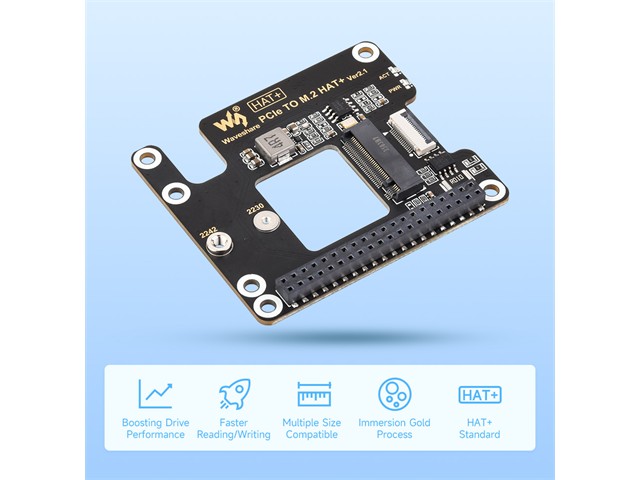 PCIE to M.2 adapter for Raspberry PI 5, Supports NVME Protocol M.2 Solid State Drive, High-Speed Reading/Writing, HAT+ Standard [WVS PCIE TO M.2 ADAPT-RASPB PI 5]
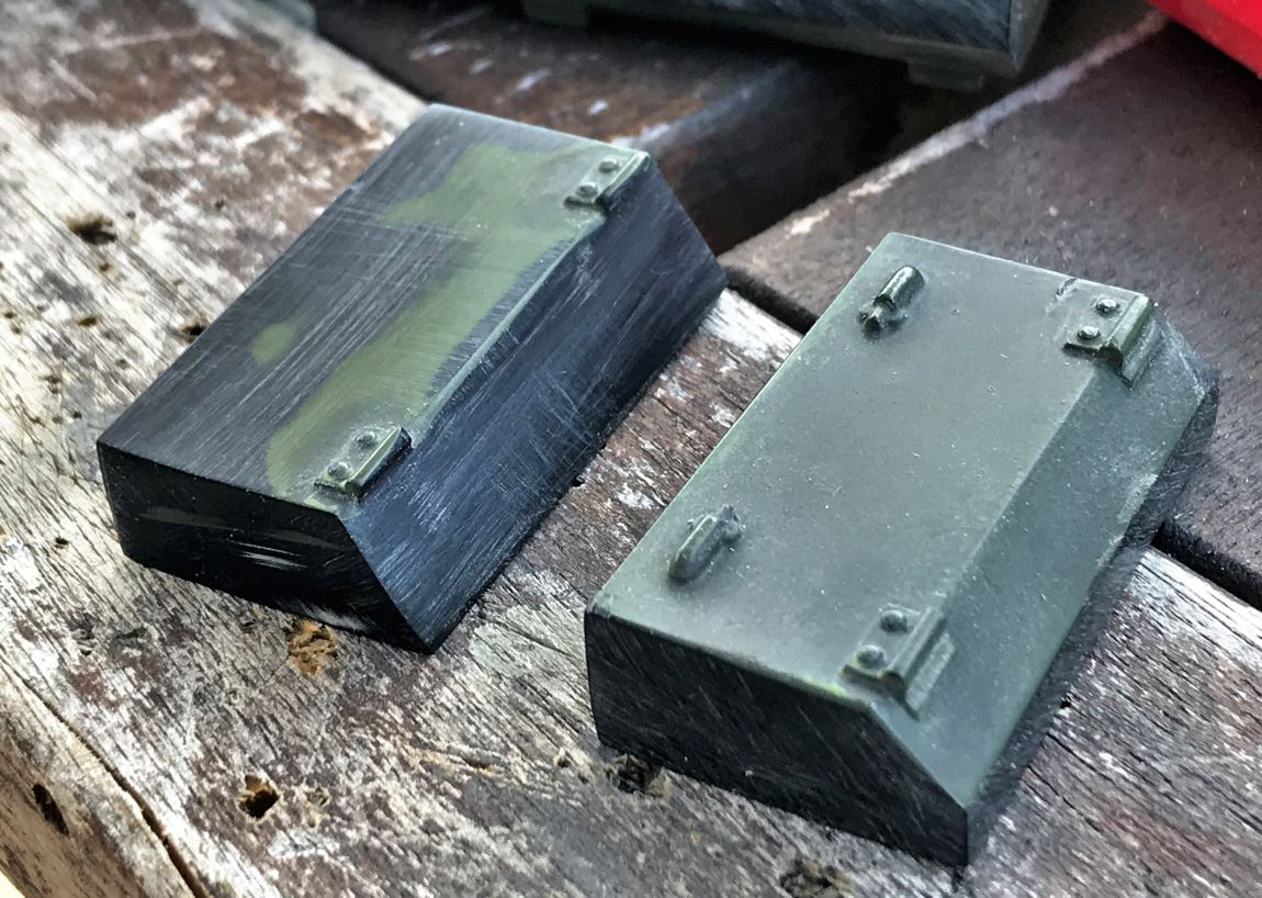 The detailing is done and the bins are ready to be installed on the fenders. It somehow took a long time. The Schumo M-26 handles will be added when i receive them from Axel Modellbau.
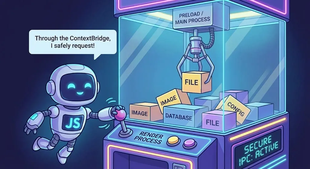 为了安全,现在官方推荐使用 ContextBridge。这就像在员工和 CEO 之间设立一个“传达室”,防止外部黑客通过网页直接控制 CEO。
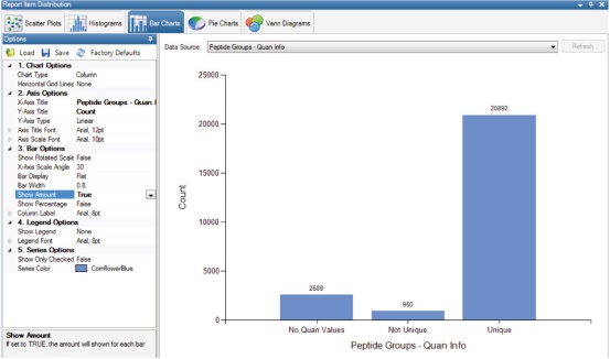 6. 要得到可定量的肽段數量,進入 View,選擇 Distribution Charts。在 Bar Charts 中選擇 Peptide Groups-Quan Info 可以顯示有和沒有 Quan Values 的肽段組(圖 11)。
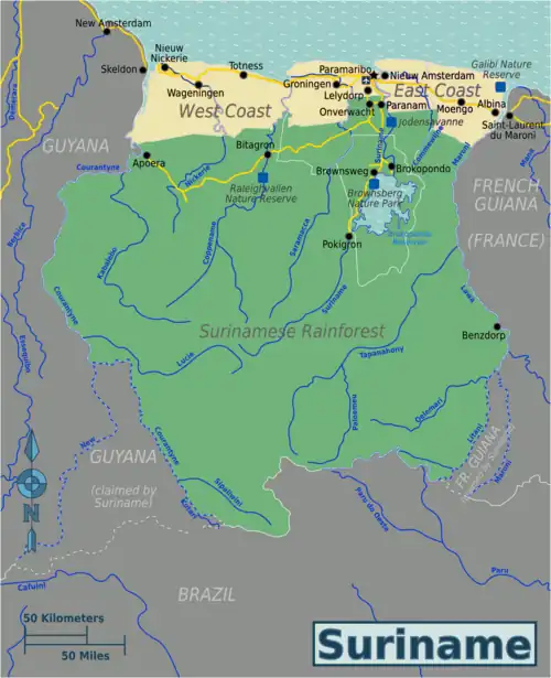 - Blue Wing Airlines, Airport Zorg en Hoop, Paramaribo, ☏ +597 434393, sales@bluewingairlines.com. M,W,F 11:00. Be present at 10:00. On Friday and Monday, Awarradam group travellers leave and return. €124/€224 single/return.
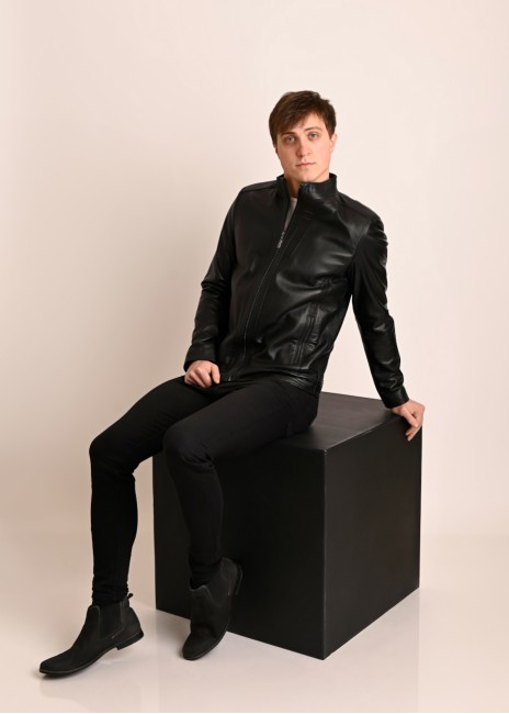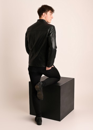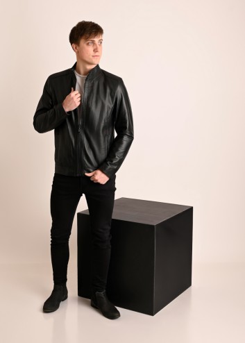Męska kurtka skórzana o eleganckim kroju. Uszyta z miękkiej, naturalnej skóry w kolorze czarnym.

* * *

**DESCRIPTION OF THE TASK:**
Set down the data above verbatim, omitting every image.

**ANSWER TO THE PROBLEM:**
 PCIE to M.2 adapter for Raspberry PI 5, Supports NVME Protocol M.2 Solid State Drive, High-Speed Reading/Writing, HAT+ Standard [WVS PCIE TO M.2 ADAPT-RASPB PI 5]
 The detailing is done and the bins are ready to be installed on the fenders. It somehow took a long time. The Schumo M-26 handles will be added when i receive them from Axel Modellbau.
 为了安全,现在官方推荐使用 ContextBridge。这就像在员工和 CEO 之间设立一个“传达室”,防止外部黑客通过网页直接控制 CEO。
 6. 要得到可定量的肽段數量,進入 View,選擇 Distribution Charts。在 Bar Charts 中選擇 Peptide Groups-Quan Info 可以顯示有和沒有 Quan Values 的肽段組(圖 11)。
 - Blue Wing Airlines, Airport Zorg en Hoop, Paramaribo, ☏ +597 434393, sales@bluewingairlines.com. M,W,F 11:00. Be present at 10:00. On Friday and Monday, Awarradam group travellers leave and return. €124/€224 single/return.
Męska kurtka skórzana o eleganckim kroju. Uszyta z miękkiej, naturalnej skóry w kolorze czarnym.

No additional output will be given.